Given non-negative numbers $$\{m_1, m_2,\dots,m_n\}$$ we have to estimate the sum $$s = \sum_{i=1}^nm_i$$ using sampling (with replacement). If we sample k numbers uniformly at random, then I can estimate the error in the sum being off by some amount t, but I have a problem where the probability of picking the i-th number is proportional to it, i.e. $$Pr[\text{selecting }m_i] = \frac{m_i}{s}$$
Here is what I have done so far: Let us sample k numbers with replacement.
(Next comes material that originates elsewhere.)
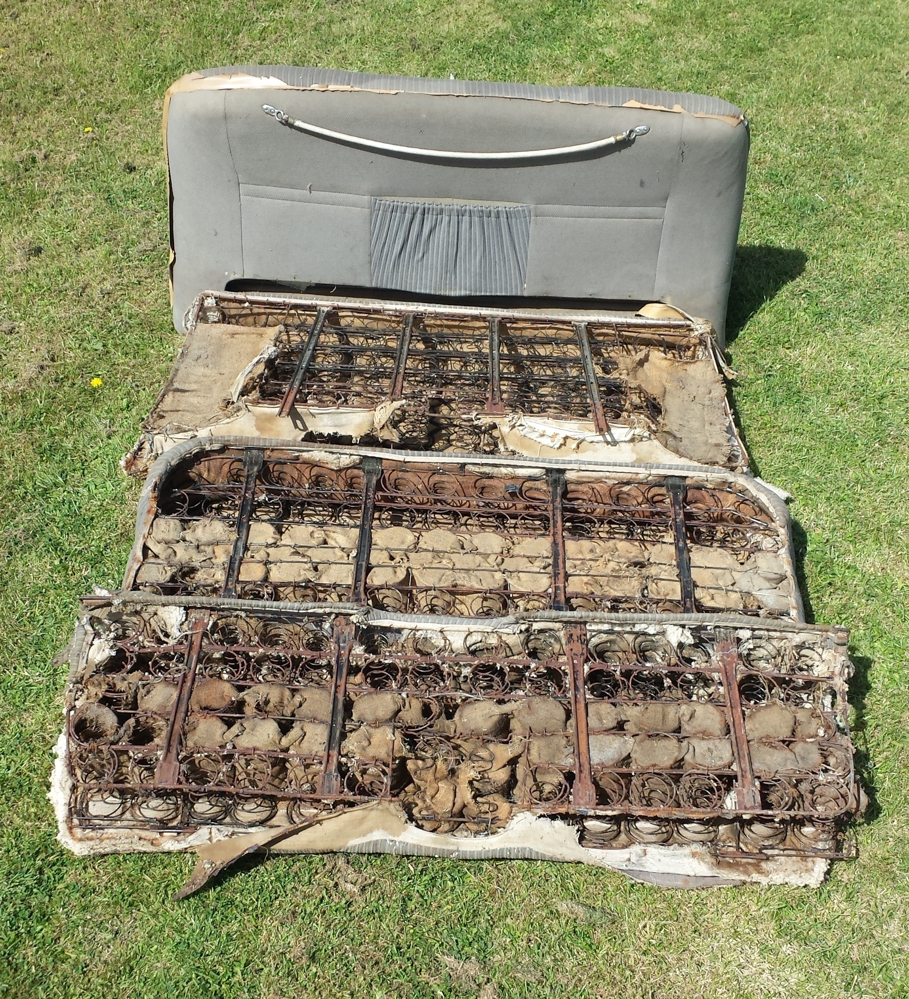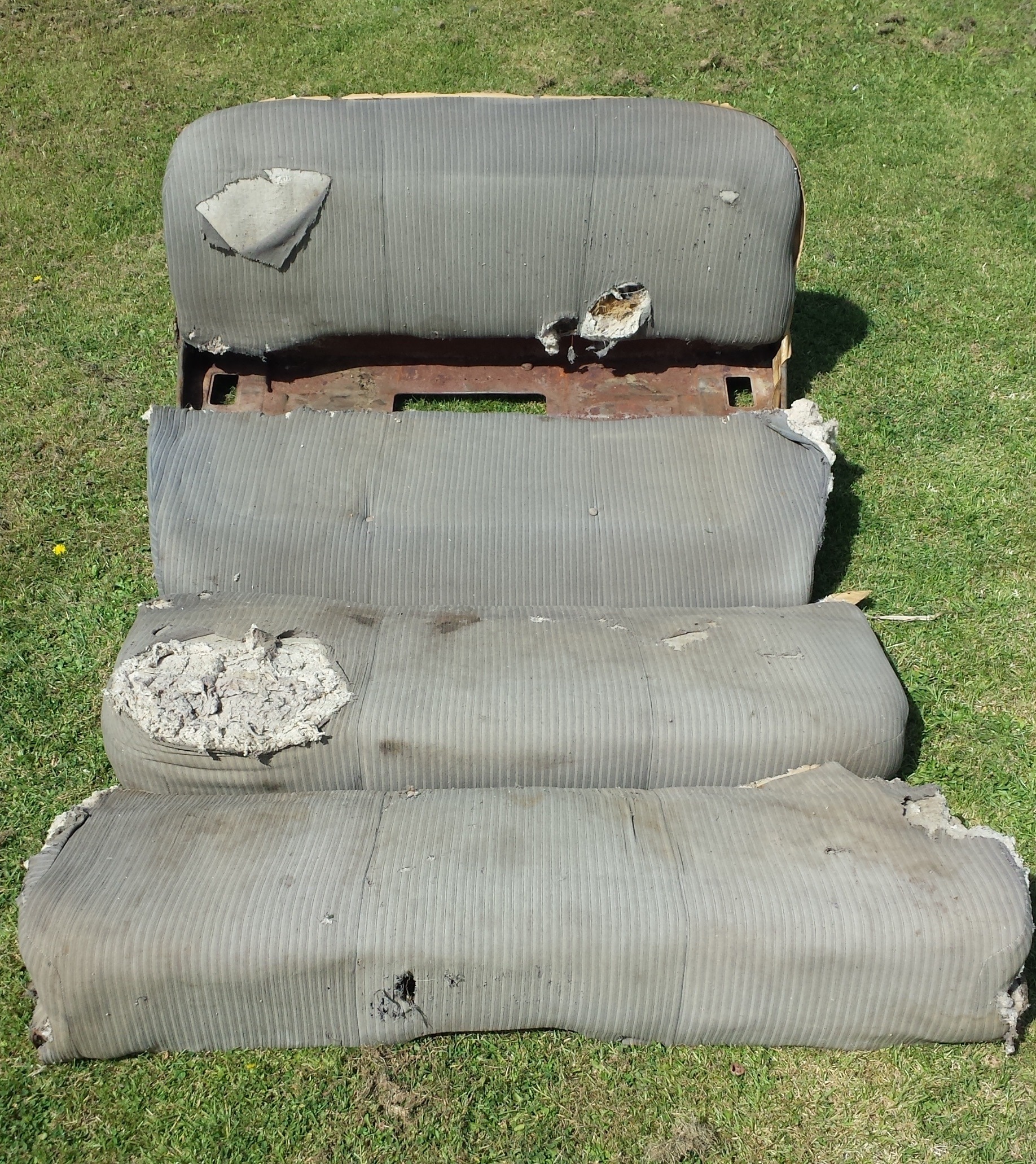 Missus cleaned up the old seats. Vacuumed out most of the old rat turds, walnuts, nests and filler from the underside of the seats.

We pick numbers $$m_{i_1}, m_{i_2}, \dots, m_{i_k}$$ The sum of these, $$M = \sum_{j=1}^km_{i_j} \\E[M] = \sum_{j=1}^kE[m_{i_j}] = \sum_{j=1}^k[\sum_{m_i}Pr[m_{i_j} = m_i]m_i] = \sum_{j=1}^k[\sum_{l=1}^n\frac{m_l}{s}m_l] = \sum_{j=1}^k\sum_{l=1}^n\frac{m_l^2}{s}$$ Here I get stuck as to how to apply any concentration bound like Hoeffding's or any other to a statement like $$Pr[|\frac{n}{k}\sum_{j=1}^km_{i_j} - s| \geq y] \leq ?$$ As the estimator from the sample for the sum of the population would be $$\frac{n}{k}\sum_{j=1}^km_{i_j}$$
You can’t get a concentration result here because
$$ E\left[\frac nkM\right]\ne s\;. $$
For instance, for $m_1=1$, $m_2=2$ and $k=1$, we have $s=3$ but
$$ E\left[\frac nkM\right]=\frac21\cdot\frac13\left(1^2+2^2\right)=\frac{10}3\;. $$